Querida Amiga

Jesus alimenta-me diariamente com a sua carne adorável, e junto com este manjar, escuto uma voz doce e suave como os ecos harmoniosos dos anjos no Céu. Esta é a voz que me guia, que solta as velas do barco da minha alma para que não sucumba e para que não me afunde. Sinto sempre essa voz querida que é a do meu Amado, a voz de Jesus no fundo da minha alma; e nos meus sofrimentos e nas minhas tentações, Ele é o meu Consolador, Ele é o meu Capitão.

No outro dia, vendo o Santíssimo exposto, perguntava-me porque não nos tornamos loucos de amor por Ele. Ele, verdadeiro Deus, sob as espécies de pão e até à consumação dos séculos. Que grandeza, que amor infinito! Amor não conhecido, não correspondido pela maioria dos homens.

Queria fazer compreender às almas que a Eucaristia é um céu, pois que “o Céu não é senão um sacrário sem portas, uma Eucaristia sem véus, uma comunhão sem fim”.

Que pobre, que apagado me parece o culto que tributamos ao nosso Deus Sacramentado! Que pouco respeito temos por Aquele perante o qual os serafins se cobrem e se aniquilam! E Ele suporta tudo em silêncio. Mantém-se sem esplendor, oculto sob o pão, para viver no meio das suas criaturas. Oh, que bom é! Quão infinito é o seu amor! Como não enlouquecemos de amor?

Depois de comungar, sinto-me no céu e dominada pelo amor infinito do meu Deus. Às vezes sinto que o único consolo neste desterro é a comunhão, onde me uno intimamente com Ele. Para mim é inconcebível que, tendo ansias de ser feliz, não se busque a Jesus. Depois de comungar temos tudo, porque temos a Deus, que é o nosso céu.

Porque não te aproximas para comungar diariamente? Tu mesma viste que quando comungas és melhor. Se não sentes fervor, ele irá aumentando em cada comunhão. Pede a Nosso Senhor, que não to negará.

Busca a Jesus na Eucaristia e viverás com Ele como vivia a Santíssima Virgem em Nazaré.
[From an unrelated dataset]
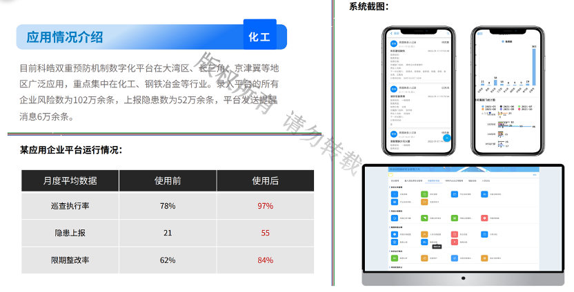 根據(jù)《危險化學品企業(yè)雙重預防機制數(shù)字化建設數(shù)據(jù)交換規(guī)范》,開發(fā)或改造雙重預防機制信息化系統(tǒng),包含電腦管理端和移動 APP 端。具備動態(tài)監(jiān)控安全風險管控措施落實、 隱患排查任務推送、隱患排查治理情況跟蹤監(jiān)督、機制運行 效果評估、異常狀態(tài)自動預警及考核獎懲等功能;具備標準化的數(shù)據(jù)接口及數(shù)據(jù)推送能力可實現(xiàn)與其他系統(tǒng)對接(監(jiān)管部門、公司自建其他業(yè)務系統(tǒng)比如:特殊作業(yè)、人員定位等)。

Na Eucaristia vive entre nós esse Jesus, esse Deus, que chorou, gemeu e se compadeceu das nossas misérias. Esse Pão tem um coração divino com as ternuras de pastor, de pai, de mãe, de Deus… Escutemo-l’O, pois Ele é a Verdade. Olhemo-l’O pois Ele é a imagem do Pai. Amemo-l’O, que é o amor dando-Se às suas criaturas. Que união, por maior que seja, pode ser comparável a esta?

Que possa Jesus encontrar no teu coração um lugar onde possa descansar. Prepara-te bem, pensando Quem é que vais receber. É Deus verdadeiro que desce para nos visitar e para nos converter n’Ele. Ele faz-se nosso alimento para nos dar vida. Um Deus alimento… Pão das suas criaturas, não é para morrermos de amor?  Jesus vem cheio de infinito amor e nós recebemo-l’O frios e só sabemos fazer pedidos, sem O adorar, sem chorar de agradecimento aos seus divinos pés.

Depois de comungares, diz a Jesus – esse Deus que tens prisioneiro do teu coração – que fique contigo, para que todo o dia O continues a amar e a dar-Lhe graças.

Amemos a Jesus que tanto nos amou. Aproximemo-nos do Sacrário muitas vezes ao dia com o pensamento. Ele olha-nos sempre e deseja que O amemos. Ele vive ali mais pobre do que em Belém, mais impotente do que quando era menino…

Jesus está no Sacrário! Ali olho-O pela fé e escuto-O. Não O queres escutar tu também?